At this time, organizations need to focus on developing balanced, practical security measures rather than overly restrictive protocols. These will start with existing controls and be augmented with new AI-specific ones. As regulations continue to evolve, businesses need to implement new reasonable security measures while maintaining the productivity benefits of AI tools. The challenge lies in finding the balance between protection and practicality.

Cautionary small steps forward

CISOs should be taking essential small steps to protect against any data breach event and any accidental (or malicious) AI-related incidents. The first should be to have a clear, common-sense policy around your data usage, with internal limits for access. Your enterprise should have a policy around an LLM that’s no different than current policies for putting information into the cloud or web today. Continuous training is essential.

Create an audit trail of employees’ interactions with a specific LLM. Find out what questions employees ask via LLM prompts and what data they might ingest. Track these efforts internally for further exploration.

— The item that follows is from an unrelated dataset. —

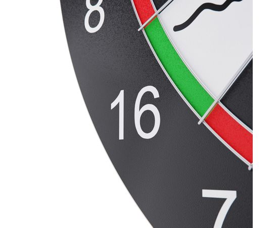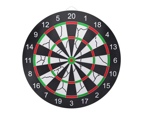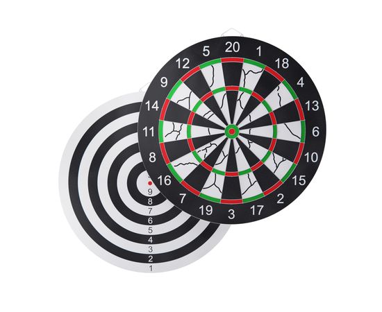В комплект входят 6 дротиков с металлическими наконечниками, каждый весом 6 грамм, что облегчает броски. Мишень имеет два различных поля с двух сторон, благодаря чему можно разнообразить игру. Диаметр мишени дартса составляет 40,3 сантиметра.

Choose to adopt a private instance explicitly built for the organization’s needs without compromising data privacy. Your enterprise needs to decide if your employees will access public LLMs or a dedicated, isolated version of an AI model trained solely on an organization’s data. This private instance will help ensure that sensitive information remains confidential and is not shared with other users or the broader AI platform. This customized internal AI system effectively controls the company’s data and model usage.

After all these are implemented, CISOs can look at protecting their AI models once they are in place. With bigger use cases to come, that may be the subject of a forthcoming column here.

Doomsday scenarios or the big stuff

Beyond focusing on the items discussed above, some CISOs foresee futuristic doomsday-type scenarios to be wary of. For example, what if a tech hacker disliked a particular hedge fund manager and launched a coordinated strike against all of the AI models their firm used to trade? That manipulation of financial trading platforms might cause the company and its investors to lose a great deal of money. Or imagine a bad actor that goes after the self-driving algorithms of automobiles, leading to physical harm. While we all hope these are in the realm of negative speculation at best, it’s not unreasonable to fathom that these types of attacks are possible in the future. And before you say that these models wouldn’t be accessible from the outside world, there is always the risk of an insider threat. Rogue employees exist, and you never know what a disgruntled employee on the opposite of the political spectrum could do. We hope we won’t have to contend with these extreme cases of model contamination for a very long time, if ever. However, security executives and their AI Councils must focus on preventing these risks, however small, from materializing.